Well luckily you can enter bootloader so you should be able to fastboot flash the factory images. Heres a link to some instructions i found over at AC. Hope this works, Note that this is factory flashing the device to stock.

http://forums.androi...-nexus-7-a.html

Edit: didnt see that the stickied guide here at Rootzwiki has instructions on how to return to stock using Fastboot.


----------



## mojonation1487 (Sep 8, 2011)

Always do things yourself. Dont rely on toolbox's and apks that claim to do it for you.


----------



## sfreemanoh (Jul 9, 2011)

mojonation1487 said:


> Always do things yourself. Dont rely on toolbox's and apks that claim to do it for you.
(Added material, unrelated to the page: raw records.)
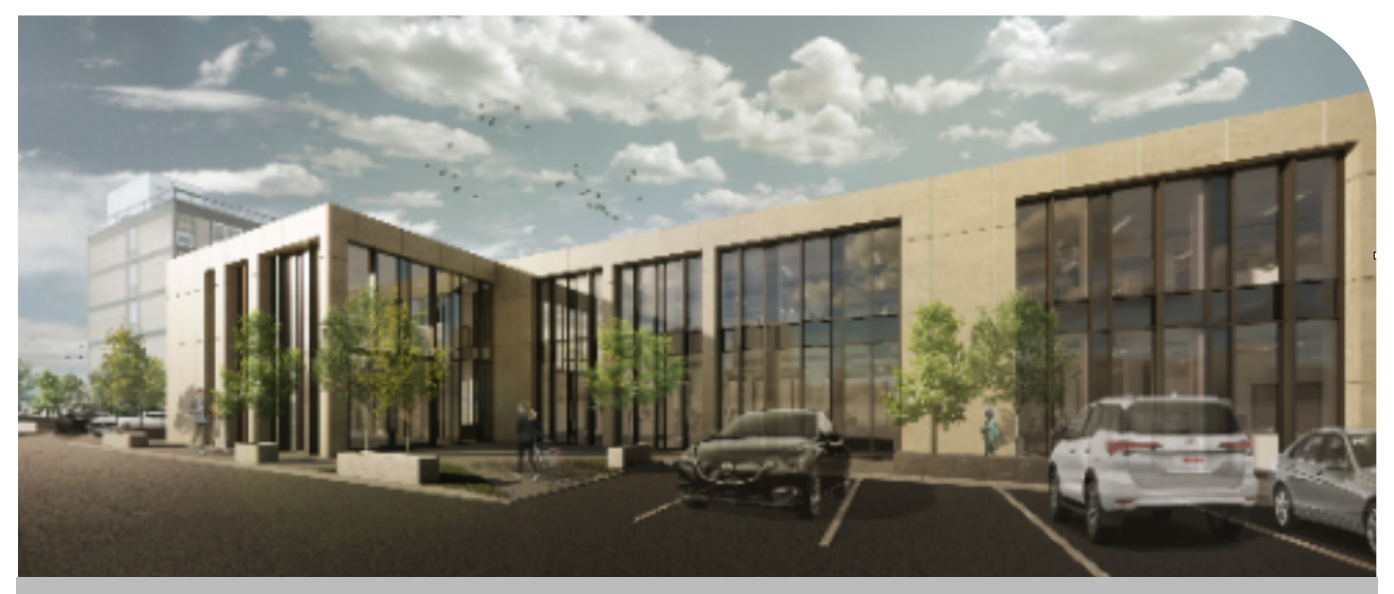
RTC Derby - 21st century HQ, building on our unique rail innovation heritage

RTC Derby, our primary site option, provides outstanding value for money and a unique opportunity to build on the UK's rail innovation history. It has a long history as a centre for rail innovation and excellence. It remains a cluster for rail businesses wishing to locate together. The complex offers a combination of office, workshop and laboratory space, with a total floor space of 320,000 sq. ft across 26 acres. RTC Derby is a DfT asset managed by London & Continental Railways.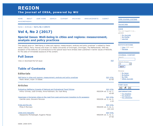
(a) Special Issue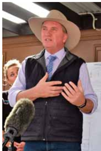
Member for New England, Barnaby Joyce (file photo)

Federal Member for New England, Barnaby Joyce, said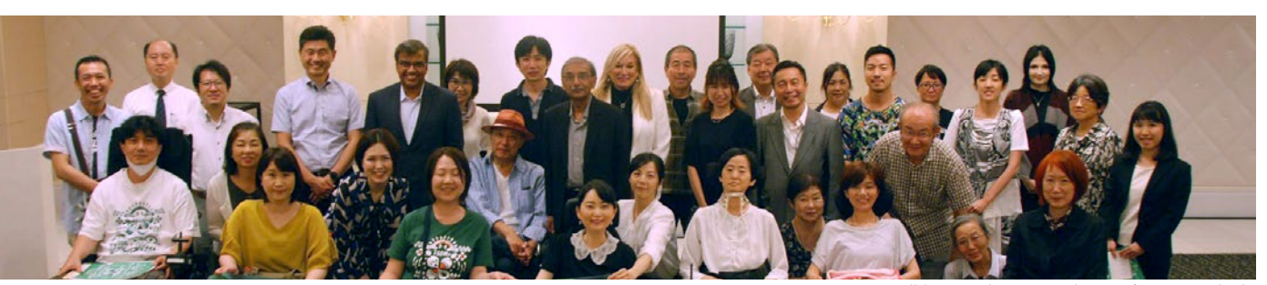
NDF collaborates with scientists and patients from Japan and India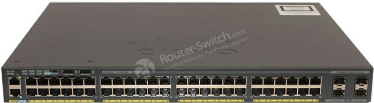
Table 1 shows the Quick Specs.

Figure 1 shows the appearance of WS-C2960X-48LPS-L.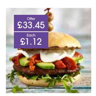
100% Aberdeen Angus Burgers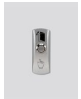
Connect with exit button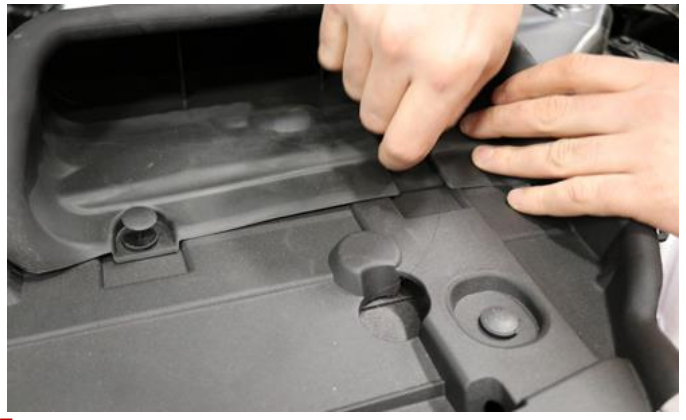
5. Locate the air scoop retaining clips from removal step 8 and attach factory scoop.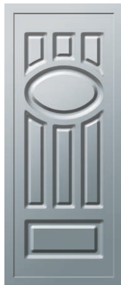
(AL38 ex AL07)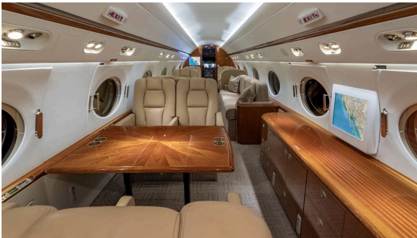
Aft-Cabin Looking Forward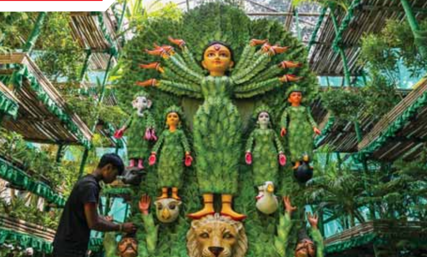
An artist prepares an environment friendly puja pandal ahead of Durga Puja festival, in Kolkata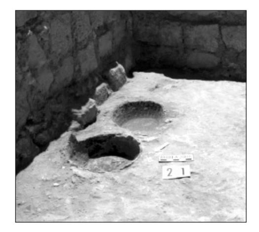
Fig. 1. Close-up of storage jars sunk in the floor in room 21

Finds from layers inside the basilica included numerous fragments of LRA 1 amphorae (Kellia 164) dated to the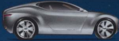
FORD REFLEX CONCEPT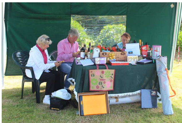
That wonderful raffle

And finally - some images from Open Day, thanks to Stephen Read.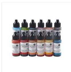
Liquid Color Bundle - BD-0303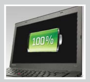
LONG-LASTING PERFORMANCE More than 10 hours of battery life*

Meet the Lenovo® ThinkPad® T440, a laptop whose every feature has been designed for your comfort. Take full advantage of Windows 8 with the 14" HD or HD+ screen with optional multitouch capability, and TrackPad that supports Windows 8 gestures.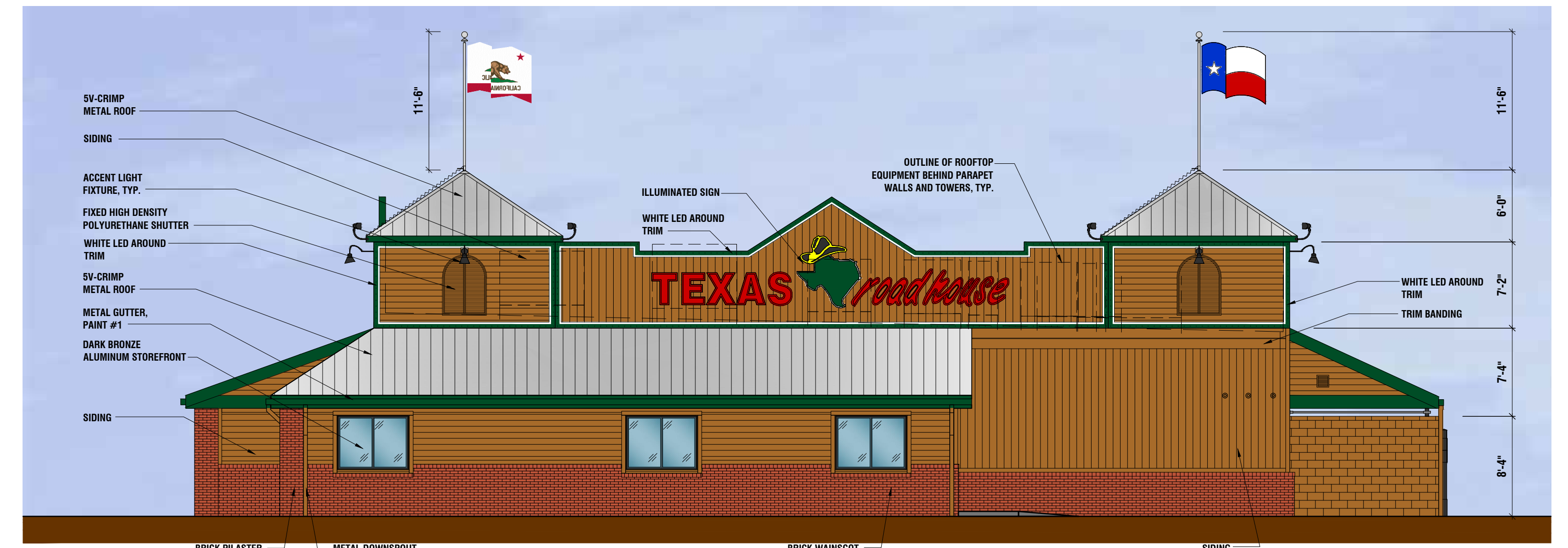
RIGHT ELEVATION (EAST)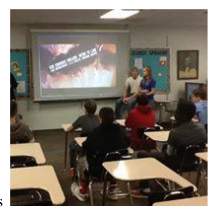
LPSS Day for Middle School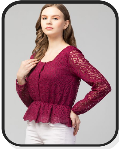
Bishop Sleeve Peplum Lace Top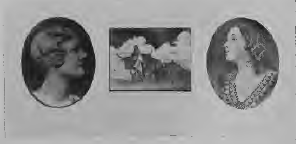
Navajo and Longhorns 1 15/16 inches long Subject unknown Katherine Cornell 1 5/16 inches high 1 15/16 inches long 2 in Note details of hair, cloud effects and embroidery. 2 inches high

After excess material is ent away remove the remaining peneil marks with an eraser and use a hard pencil to resketch the silhouette. Draw more carefully than before as to detail and correctness of the profile and general ontline. Keep in mind that a little material must be left for the very last part of the carving for once material is removed it is gone forever and cannot be replaced. If there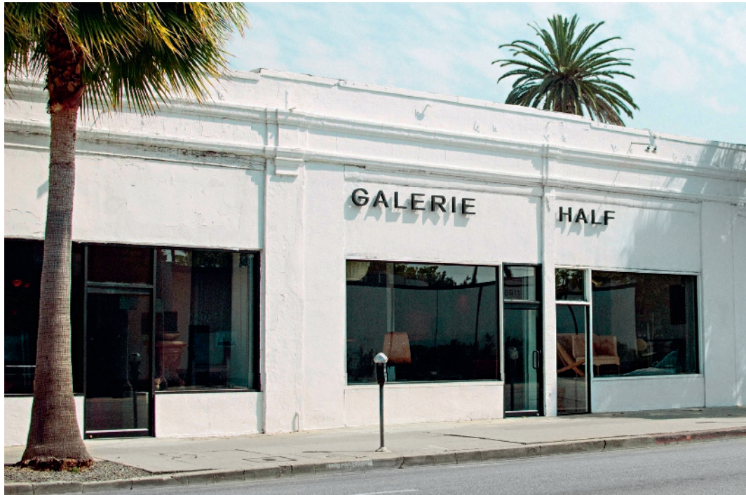
6911 MELROSE AVENUE

Uh-huh...except that it's worked for me probably two dozen times before. I was just impatient and tried it before it was updated for JB. And just because something is a toolbox or apk, that makes life easier and does something for you so you don't have to do it, that doesn't make it evil. And never using toolbox's and the like doesn't make you awesome. (sorry to break your bubble)

Regardless, I've already restored it to stock, now to get CM back on it.


----------



## Kimboinatl (Jul 5, 2012)

Yep, I tried this too. Woopsie. All I can say is I'm glad I made a nandroid backup.


----------



## k.electron (Aug 17, 2011)

I changed the density to 175 using by simply editing the build prop file. Everything works like a charm. Its way better than stock. Don't be a noob. Stop using a toolkit.


----------